Noah would later request to hear the story again later, when Ava would be seeing to his curls as she saw to her own. It had been something for the two of them to share ever since she'd started staying with them, and it became regular once she was with them every day. In the meantime, Elliott and Jamie had their bath time, where the latter would continue his habit of copying his older siblings. At this game, Elliott would be the best to catch on to 'if I do something silly, then he'll do it, too, and it'll be funny,' which it usually was. That night, the challenge seemed to be 'how much bubble bath foam can I get on my brother's head?' They laughed enough that Jamie accidentally ate some of the soap. He did not care for it, and after that, Lucas directed them away from playing so they could get out of the tub.

After bath time, with everyone in their PJs and making the most of what time they had left before bed, Ava would usually be found in her favorite spot in the living room along with whatever book she was reading at the time. Sirius would sit with her, and she would be at peace, flying through pages for as long as she could before the call to bedtime came down. By then, the three brothers would all have ended up back in their room, tucked into their beds with a story of their own.

"Chapter check?" Lucas went to Ava, who planted her finger where she stopped to read before turning one page, then another. There was the end of her present chapter. "You go ahead and get ready for bed after that, okay?"

"Okay," she nodded, getting back to the pressed finger. Lucas watched her for a moment and decided not to bring up the hunt for potential Bills on the drive home.

As promised, Ava soon turned in, wishing both Lucas and Maya a good night before heading to the basement, Sirius at her heel.
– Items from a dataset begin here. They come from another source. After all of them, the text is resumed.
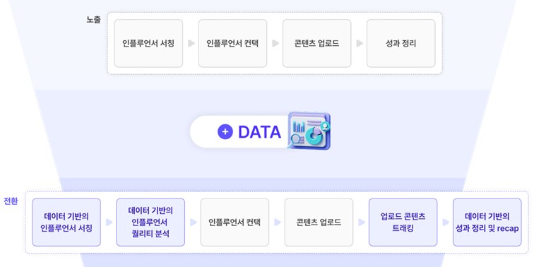 데이터 기반의 인플루언서 마케팅은 다음과 같은 과정이 함께합니다.
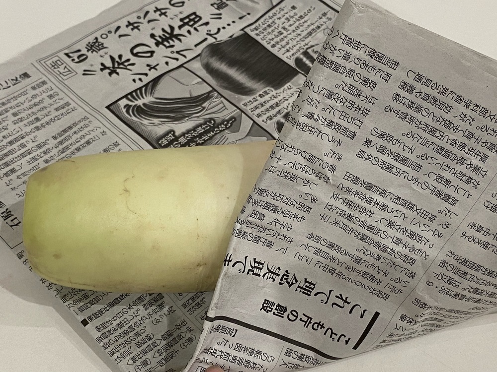 丸ごと1本の大根は、そのまま野菜室に入れると野菜の水分が失われて乾燥しやすいため、必ず新聞紙やキッチンペーパーなどで包み適度な湿度を保ってください。ラップで包む方法もありますが、新聞紙などの紙類よりも通気性が非常に悪く、冷蔵庫以外の保存方法だとカビが生えてしまう可能性があるので注意しましょう。
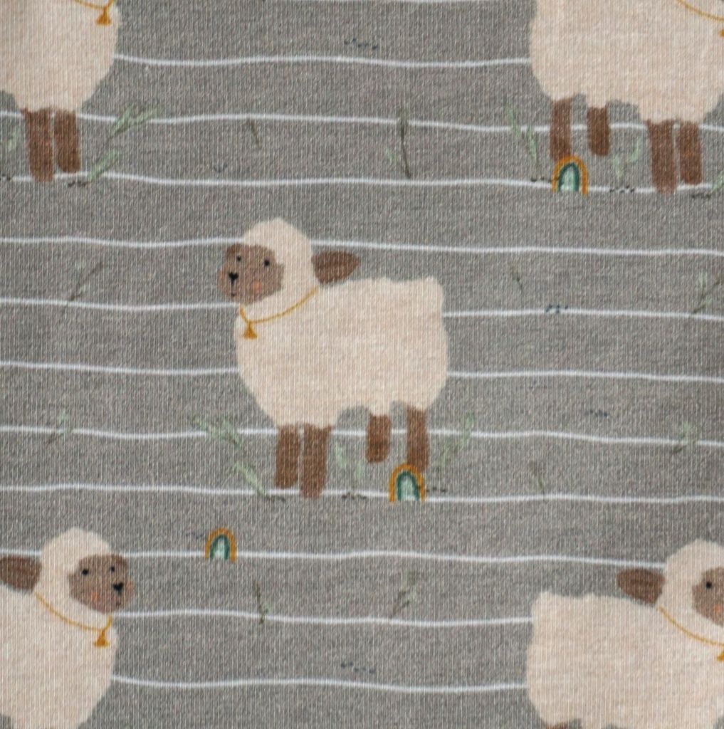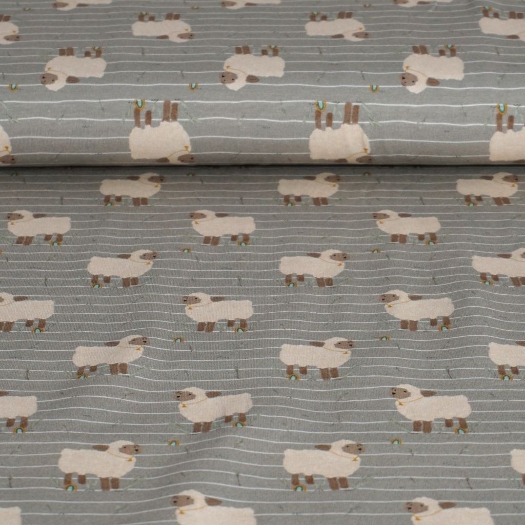 Dieser hochwertige Jersey ist aus Baumwolle mit einem kleinen Elasthan-Anteil für Elastizität und die optimale Passform. Der Singlejersey hat eine gute Qualität und das merkst du zu allererst beim Zuschneiden und anschließend beim Vernähen. Zwar rollt sich auch hier die Kante etwas ein, der Stoff hat jedoch genug Gewicht um gut auch mit der Haushaltsnähmaschine verarbeitet zu werden. Der ebenfalls hochwertige Motivdruck spricht für sich und sieht auch nach vielen Wäschen frisch aus.
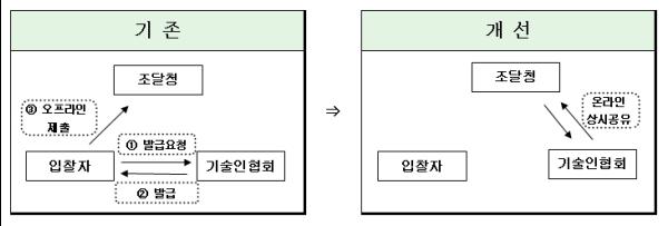 과거에는 입찰자가 기술인협회로부터 경력증명서를 발급받아 조달청에 직접 제출했으나 이번 조치로 조달청과 기술인협회가 경력정보를 온라인으로 상시 공유하게 된다.
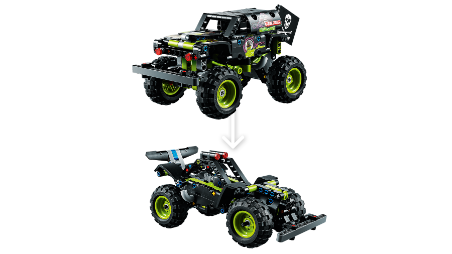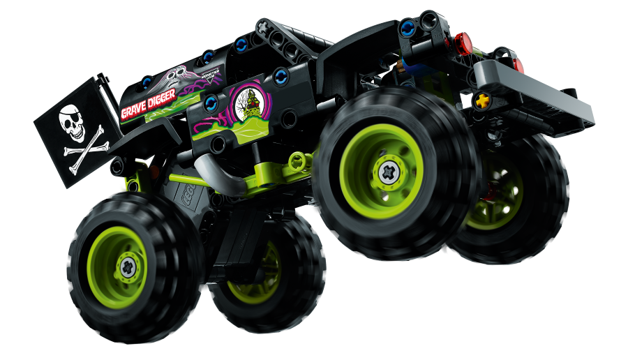 Ready for the ultimate smashing, crushing, gravity-defying monster truck experience? Then strap in and prepare for the performance of a lifetime with the LEGO® Technic™ Monster Jam® Grave Digger®. See the ghost and fire details, just like on the real truck. Huge tires and pull-back action make high-speed jumps and flips easy. Time for something new? Rebuild your truck into an off-road buggy.
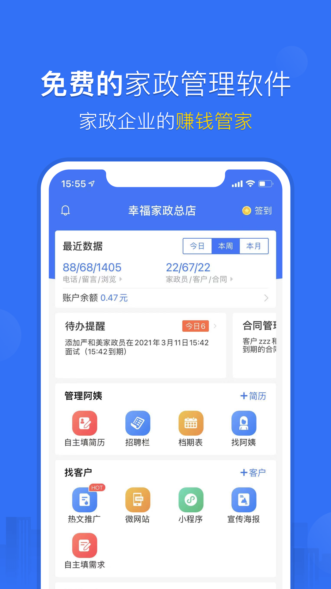 家政加是一款为家政行业量身定制的管理工具,以简约实用的设计理念,助力家政企业达成高效管理与顺畅运营。该软件融合了引流、推广、经营、管理及资源五大核心功能,配备全方位的营销工具、管理应用与培训课程,旨在帮助家政从业者提高工作效率、增加收益、稳固客户关系、拓展行业资源,同时降低经营风险,推动家政企业顺利完成向家政电商的转型。
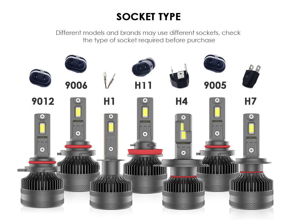 H1, H3, H7, H11,9005,9006,9012,880 | 1, Potência: Iniciação: 150 W Estabilização: 90 W 2, fonte de luz: 4575 (40mil * 40mil * 15pcs) 3, Lumen: 11000Lm ± 5% 4Temperatura da cor: 6000-6500K 5, modo de arrefecimento: ventilador silencioso de alta velocidade + tubo duplo de cobre 6, Tensão: 12-24V 7, Material: alumínio de aviação 8, Fornecimento de energia: externo |
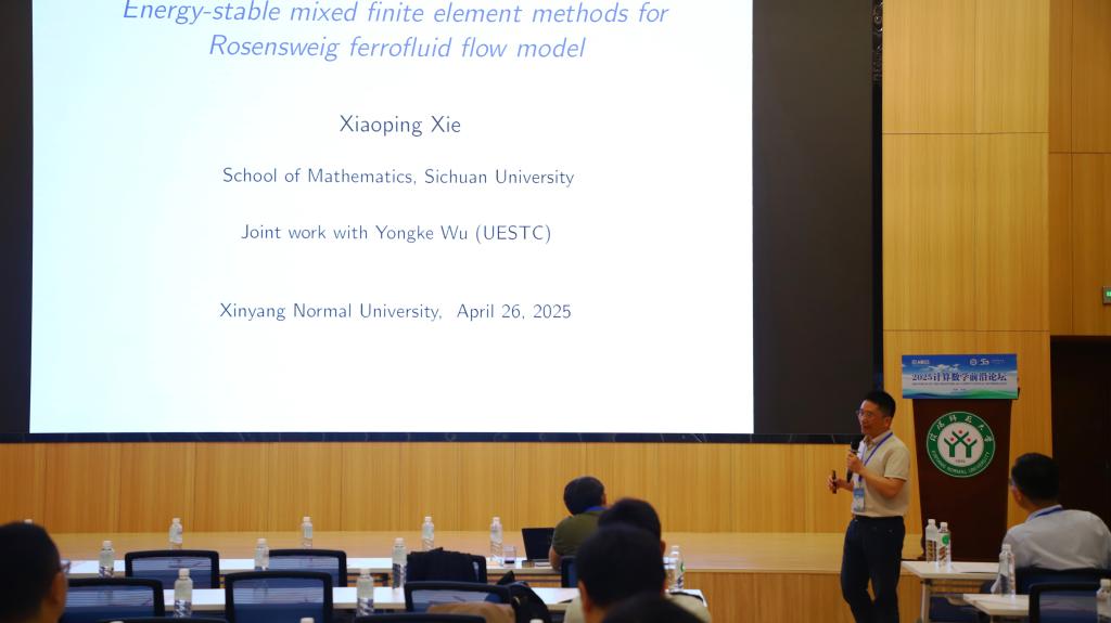 3四川大学谢小平教授作了题目为《Energy-stable mixed finite element methods for the Rosensweig ferrofluid flow model的学术报告
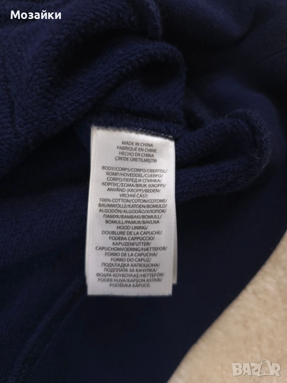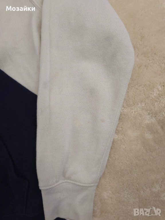 Материята е 100% памук и е в супер състояние – плътна, мека и изобщо не е износена, не е разтегната и няма уморен вид. Реално худито е топ като качество, но има няколко петна по светлата част.

She hugged them both, took a moment to whisper goodnight to the unborn twins. It made Maya chuckle. When Ava stepped back, she looked at the two of them, and it was written there on her face, how much she'd come to realize the meaning they had in her life, now more than ever.

"I think it scares her… a little… Is that weird?" Maya looked to Lucas, later on, as they were about to turn in, too. "She's starting to look at us as her parents, but…"

"But she's still looking for her father," Lucas nodded, pondering deeply, too. It wasn't going to be the same for both of them, was it? Ava had never had a good relationship with her mother, and now here was Maya, who just exuded so much good, maternal love, but then with her father… Their relationship had not been ideal, no, but there was never any doubt how much they both loved one another. And then he'd left her, and she'd been so very upset, as angry as she was sad, but also a part of her could not let go, and they understood that. But there he was, Lucas, and he was getting to hold this place in her life that she cherished in all its uncomplicated ways, so… was it like she was giving up on Bill? She didn't want to do that, so there came the conflict.

"She just needs more time," Maya promised, and he nodded, breathing out. She walked up to stand before him where he sat on the edge of the bed, which made him smile, reaching a familiar hand to her belly. Before they knew it, they'd have these two to look after on top of everything. They weren't about to let Ava's ongoing situation fall forgotten, but they'd have keep themselves minded as best they could. Two whole babies at once, that was new. At least it wasn't triplets or quadruplets, right? They kept that joke only in their minds. Speaking it aloud would have felt like an invitation.